Make a one way dropbox to easily pull down files

A simple script to synchronise files between servers, without the need for a home static ip.

Background

I have a cloud server with a whole lot of files on it. I also have a home server, which acts more as an archive. I pull files down from the cloud very frequently.

My ISP decided to switch to a shared IP address for our whole building, meaning I could no longer push to the home server directly, since the traffic gets blocked at their router. I asked them to open a port for me if possible, which they understandably didn’t want to, and a static IP would cost £5 a month extra. I think this is quite a stiff price for a simple service - my old ISP charged a one off fee of £5 which seems fairer.
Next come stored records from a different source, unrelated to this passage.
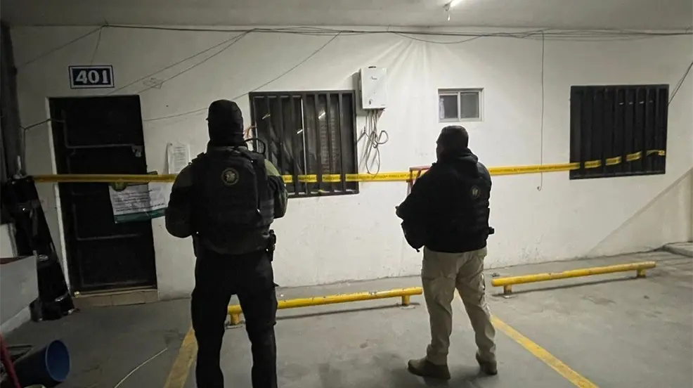 Con una orden en mano, agentes de la Fiscalía General de Justicia de Nuevo León, catearon un edificio ubicado en la calle Vicente Guerrero en su cruce con Manuel María del Llano.
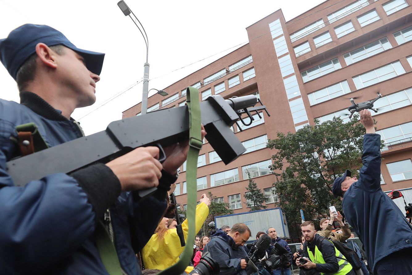 На митинге в Москве силовики сбили дрон электронной пушкой и забрали его. Где теперь дрон — неясно
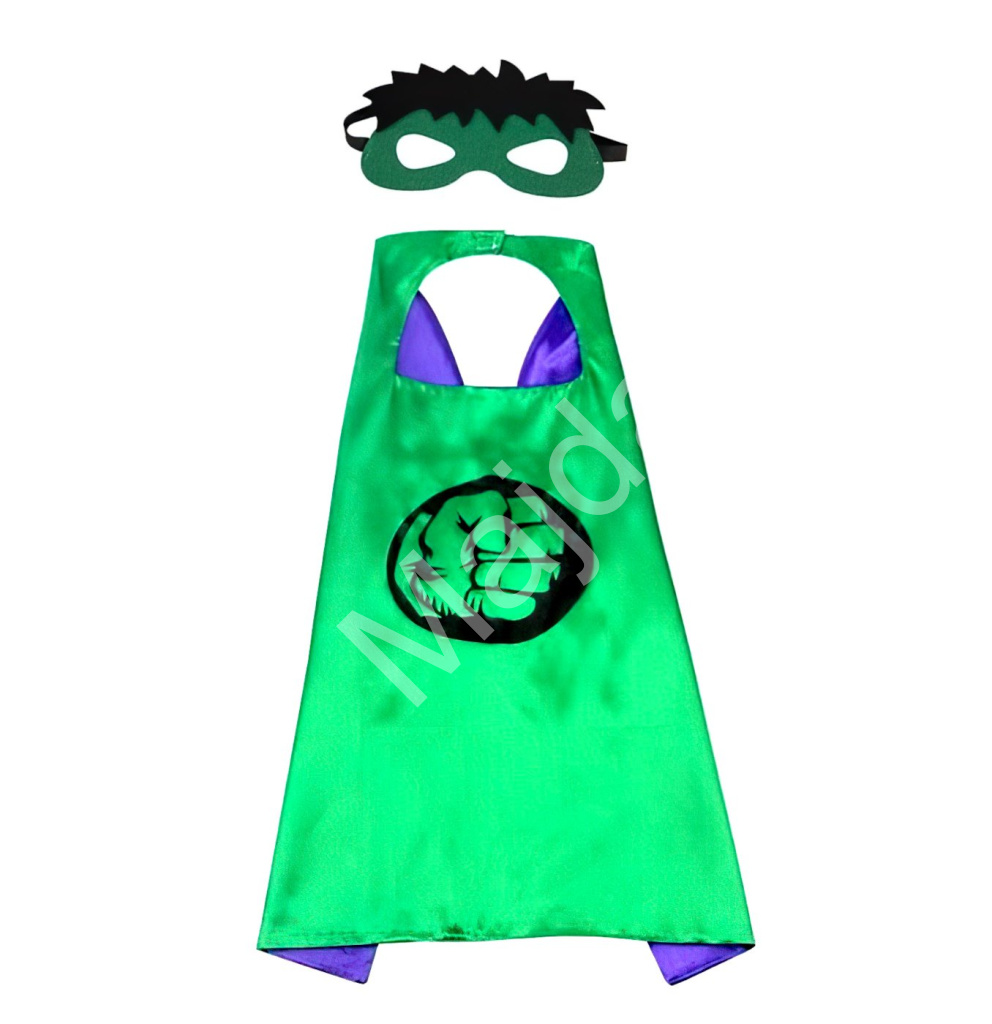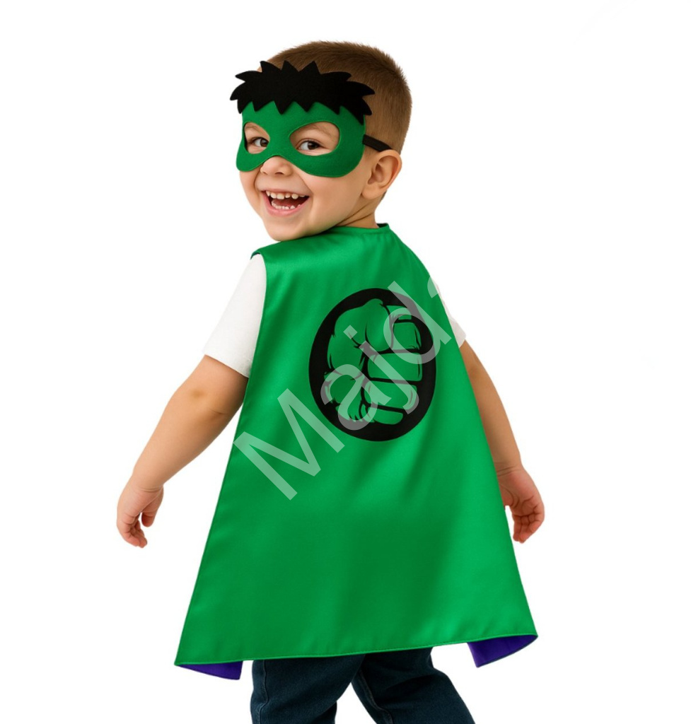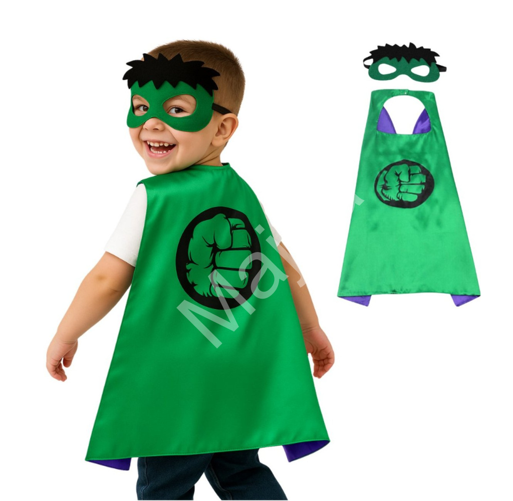 Tento stylový set se skládá z lesklého zeleného pláště s ikonickým motivem pěstě Hulka a doplňkové masky s černými vlasy a zeleným okrajem kolem očí. Děti se během okamžiku promění v neohroženého Avengera a stanou se hvězdou každého karnevalu nebo narozeninové oslavy.

To circumvent this I made a script that pulls stuff in on a regular basis. Obviously I can still log into my cloud server from home, so why not leverage that to sync files up?

Overview

If you are not famliliar with bash, this is what the script does:

  1. Sync every file in $REMOTE_PATH to $LOCALPATH
  2. If successful, remove every file in $REMOTE PATH

Errors get written to the $LOGFILE, notably if a sync fails.
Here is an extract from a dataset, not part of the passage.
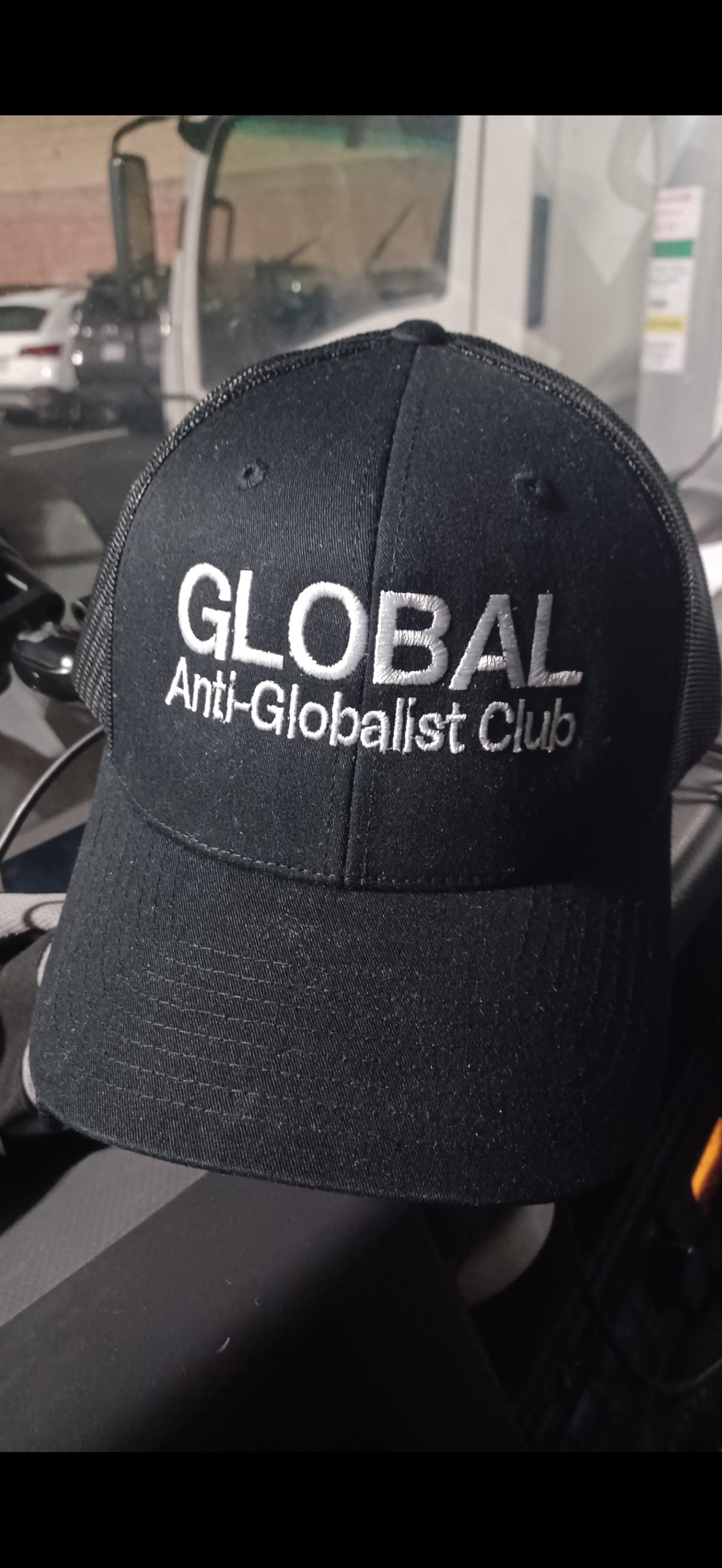 Premium black trucker hat with embroidered white logo. Made by real people, not algorithms. This is not a statement piece—it's a recognition.

The $PIDFILE is used to check if the script is already running. If it worked, it gets removed so that it can run again. If it has not finished or there was a problem, it exits. You will have to go and remove the $PIDFILE yourself if this happens but it’s better than losing your stuff.

Requirements

  • bash
  • ssh
    • With key-based authentication set up
  • rsync
  • (Optional) cron

Set up

  1. Change the variables at the top of the script. I have called it ‘ropbox’ because I am thick, you can come up with a better name probably.
    • $SERVER is your server’s hostname or IP address
    • Change the others based on where you want the logs storing etc
  2. Put this script somewhere on your home server, the one that will receive the files.
  3. Make the $LOCAL_PATH directory e.g. mkdir ~/ropbox
  4. Log into your remote server, make the $REMOTE_PATH, for me again this was mkdir ~/ropbox

Usage

  1. Copy some files to $REMOTE_PATH, on your server.
  2. On your home server, run the script, i.e ./ropbox.sh
  3. The files are now on your home server, and $REMOTE_PATH is empty
  4. Put it in your cron tab to run it regularly. If you sync large files, it won’t run twice because of the $PIDFILE

The script

#!/bin/bash
set -euo pipefail
IFS=$'\n\t'
PIDFILE=~/.ropbox.pid
LOGFILE=~/.ropbox.log
SERVER=yourcloudserver.example.com
REMOTE_USER=yourcloudusername
REMOTE_PATH=ropbox/
LOCAL_PATH=~/ropbox

## Check for running process
if [ -f $PIDFILE ]
then
    ## Check for pid using ps
    PID=$(cat $PIDFILE)
    set +e
    ps -p $PID > /dev/null 2>&1
    set -e
    ## If ps returned 0 exit code (ie PID exists)
    if [ $? -eq 0 ]
    then
        echo "$(date -u) Process already running" >> $LOGFILE
        exit 1
    else
    ## Process not found assume not running, make PIDFILE
        echo $$ > $PIDFILE
        if [ $? -ne 0 ]
        then
            echo "$(date -u) Could not create PID file" >> $LOGFILE
            exit 1
        fi
    fi
else
    echo $$ > $PIDFILE
    if [ $? -ne 0 ]
    then
        echo "$(date -u) Could not create PID file" >> $LOGFILE
        exit 1
    fi
fi

## Sync the ropbox dir
set +e
rsync -a $REMOTE_USER@$SERVER:$REMOTE_PATH $LOCAL_PATH

## Check for rsync errors
if [ $? -ne 0 ]
then
    echo "$(date -u) Sync not complete, preserving files" >> $LOGFILE
    exit 1
else
    ssh $REMOTE_USER@$SERVER rm -r "$REMOTE_PATH/*" > /dev/null 2>&1 || true
fi
set -e

## Remove PIDFILE
rm $PIDFILE

FAQS

Why clear out the remote directory?

This is a part that is specific to me - I have limited space on the cloud server, and cannot move the files from their locations. This system allows me to copy any assortment of files, have them download automatically, then delete them from the ‘sync’ folder.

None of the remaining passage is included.